Widerstand und Verdrängung – Ursprung und Neuinterpretation zweier Schlüsselbegriffe der Tiefenpsychologie
Autor*in: | Gerald Mackenthun |
---|---|
Verlag: | Psychosozial-Verlag, Gießen 2011, 469 Seiten |
Rezensent*in: | Klaus Hölzer |
Datum: | 04.05.2012 |
Widerstand und Verdrängung sind zentrale Begriffe der Psychoanalyse, die verstanden haben muss, wer ernsthaft Selbsterkenntnis betreiben will. Was beide Begriffe miteinander verbindet, ist die allgemeinmenschliche Eigenschaft, bittere Wahrheiten nicht sehen zu wollen. Wer will ernsthaft bestreiten, dass der Mensch dazu neigt, sein Augenmerk von Älterwerden und Tod, von zwischenmenschlichen Konflikten, rassischen und religiösen Auseinandersetzungen und von der Aufgabe der Verbesserung der bestehenden Verhältnisse im privaten und öffentlichen Bereich abzuwenden.

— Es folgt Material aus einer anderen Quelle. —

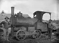 0-4-0T locomotive #1 was the first locomotive built by Gibbons & Harris for Robert Pearce Gibbons, a brother of one of the founders, and a well-known Northland contractor and saw mill owner. The locomotive had horizontal cylinders underneath the smokebox and was driven through spur gears to the front axle. The drive was taken to the rear axle by means of a pair of coupling rods.[1]
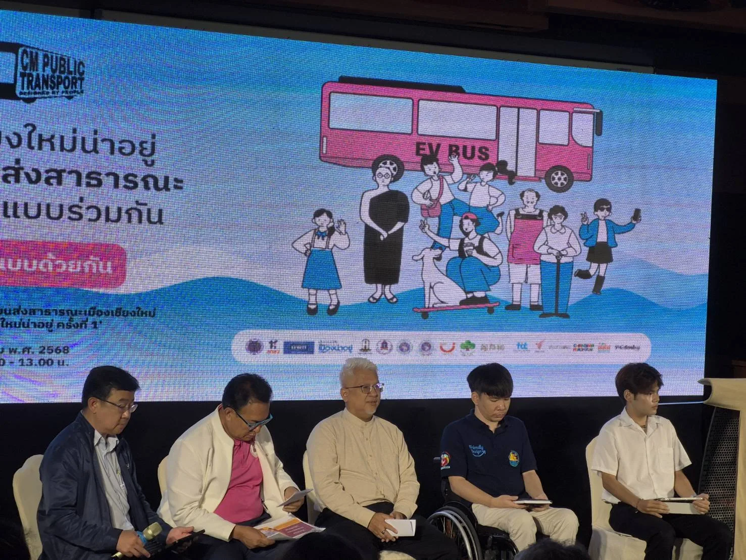 วันที่ 14 สิงหาคม พ.ศ. 2568 เครือข่ายความร่วมมือเพื่อพัฒนาขนส่งสาธารณะเมืองเชียงใหม่เพื่อเมืองเชียงใหม่น่าอยู่ และ โครงการพัฒนานโยบายสาธารณะ เพื่อส่งเสริมการมีขนส่งสาธารณะเมืองเชียงใหม่ จัดเวทีสาธารณะออกแบบขนส่งสาธารณะเมืองเชียงใหม่ เพื่อเมืองเชียงใหม่น่าอยู่ ครั้งที่ 1 ณ ห้องประชุมนวรัฐ 3 ชั้น 3 โรงแรมเมอเวนพิค สุริวงศ์ อ.เมือง จ.เชียงใหม่
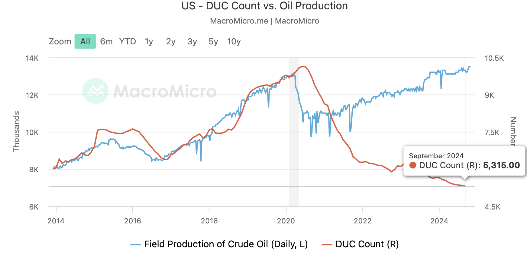 만약, 석유 시추도 주춤하고 DUC 까지 고갈되는 상황이 발생할때 수요가 급증하는 이벤트가 발생하면 석유 가격이 급증할 수 있겠네요.
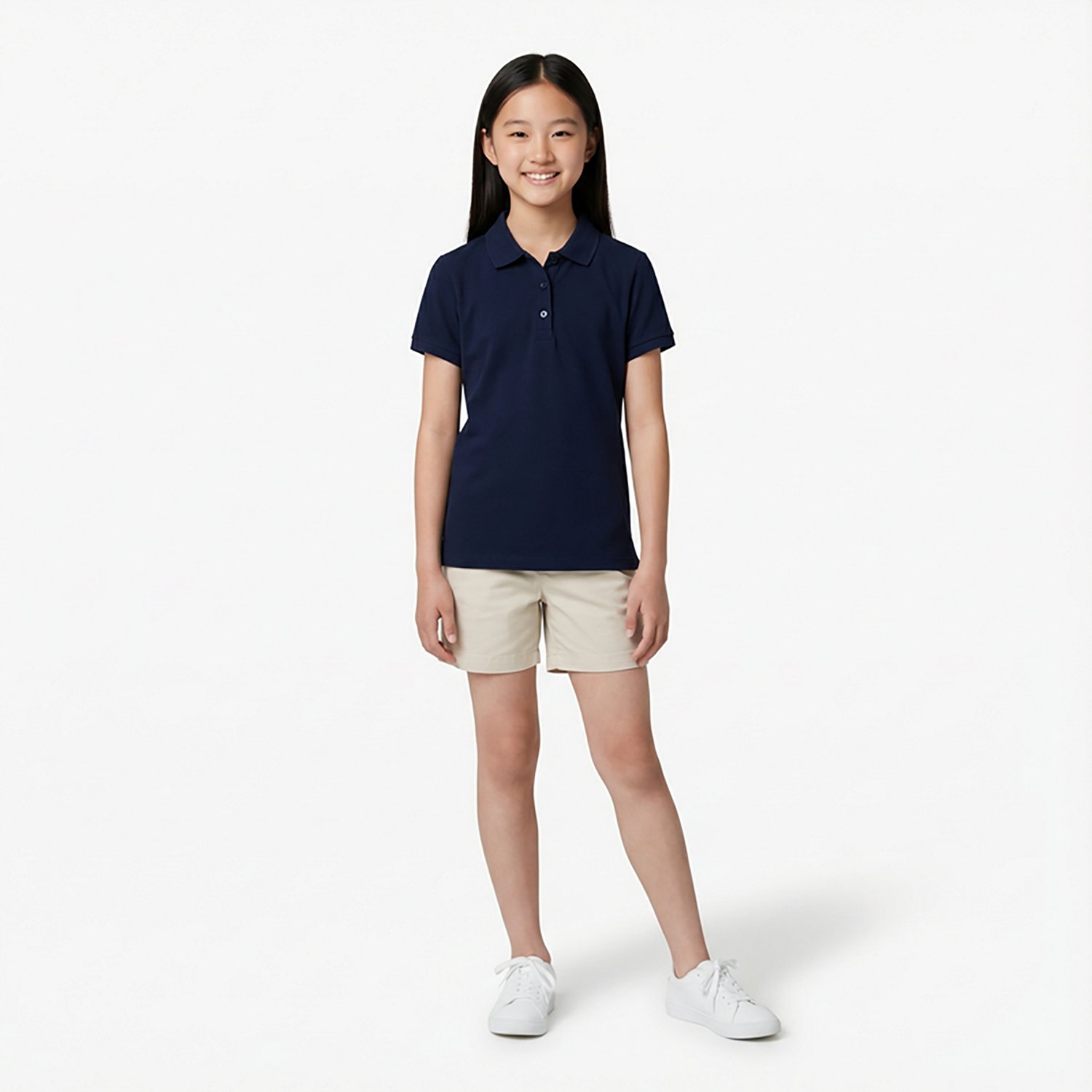 The standard polo shirt is a classic for good reason. She'll look put together and ready for anything with the French Toast Girls' Short Sleeve Stretch Pique Polo Shirt. This shirt has short sleeves with gathered fabric for a feminine look. It has a 3-button placket and side slits for breathability. Wrinkle No Moreâ„¢ technology works to keep the shirt looking polished, while the tag-free construction prevents irritation.

Es ist ein großes Verdienst des Autors, dass er sich zunächst gründlich mit dem psychoanalytischen Verstehen der Verdrängung und des Widerstandes aus der Sicht von Freud auseinandergesetzt hat, bevor er die Bedeutung und historische Weiterentwicklung dieser Termini in neueren tiefenpsychologischen Schulen, wie der Individualpsychologie und der Daseinsanalyse, aufzeigt. Auffällig ist, dass der Autor über lexikalische Aufarbeitungen, von denen es in der psychoanalytischen Literatur nicht wenige gibt, weit hinausgeht. Es ist nicht zu viel gesagt, dass Mackenthun auf etwa 400 Seiten seine Thematik systematisch und fundiert aus verschiedenen Perspektiven abhandelt. Er lässt sich dabei von einem Gedanken leiten, den bereits Freud aufgegriffen hatte, dass nämlich ein Verständnis der menschlichen Psyche nicht allein auf die Psychologie, sondern gleichzeitig auch auf Philosophie und Biologie angewiesen ist.
Mackenthun stellt sich bewusst in die Tradition der psychologischen Anthropologie, um die Bedeutung von Verdrängung und Widerstand für das Verständnis des Allgemeinmenschlichen aufzuzeigen. Mit anderen Worten: Über die Psychopathologie hinaus sucht er zu erforschen, welche Rolle Verdrängung und Widerstand im Leben jedes Menschen spielen. Als Gegenpole für Widerstand und Verdrängung schlägt Mackenthun Offenheit und Wahrhaftigkeit vor. Beide Begriffe spielen für ihn eine wichtige Rolle im Rahmen der Psychotherapie, die er sich ohne Einbindung in Ethik und philosophische Anthropologie nicht vorstellen kann.
Die vorliegende Arbeit ist ein Plädoyer für einen nüchternen Blick auf die unterschiedlichen tiefenpsychologischen Schulen, ihr Menschenbild, Ethikverständnis und ihre Therapieziele. Von den Erfahrungen ihrer psychotherapeutischen Praxis ausgehend, haben alle unterschiedlichen Richtungen wertvolle Erkenntnisse gewonnen, die schulenunabhängig von jedem Psychotherapeuten nutzbringend angewendet werden können. Den Streit zwischen den verschiedenen Therapieschulen hält Mackenthun deshalb für überflüssig. Der Autor, selber Psychotherapeut, schreibt verständlich und spricht neben Kollegen und philosophisch interessierten Geisteswissenschaftlern auch jeden an ernsthafter Selbsterforschung interessierten Zeitgenossen an.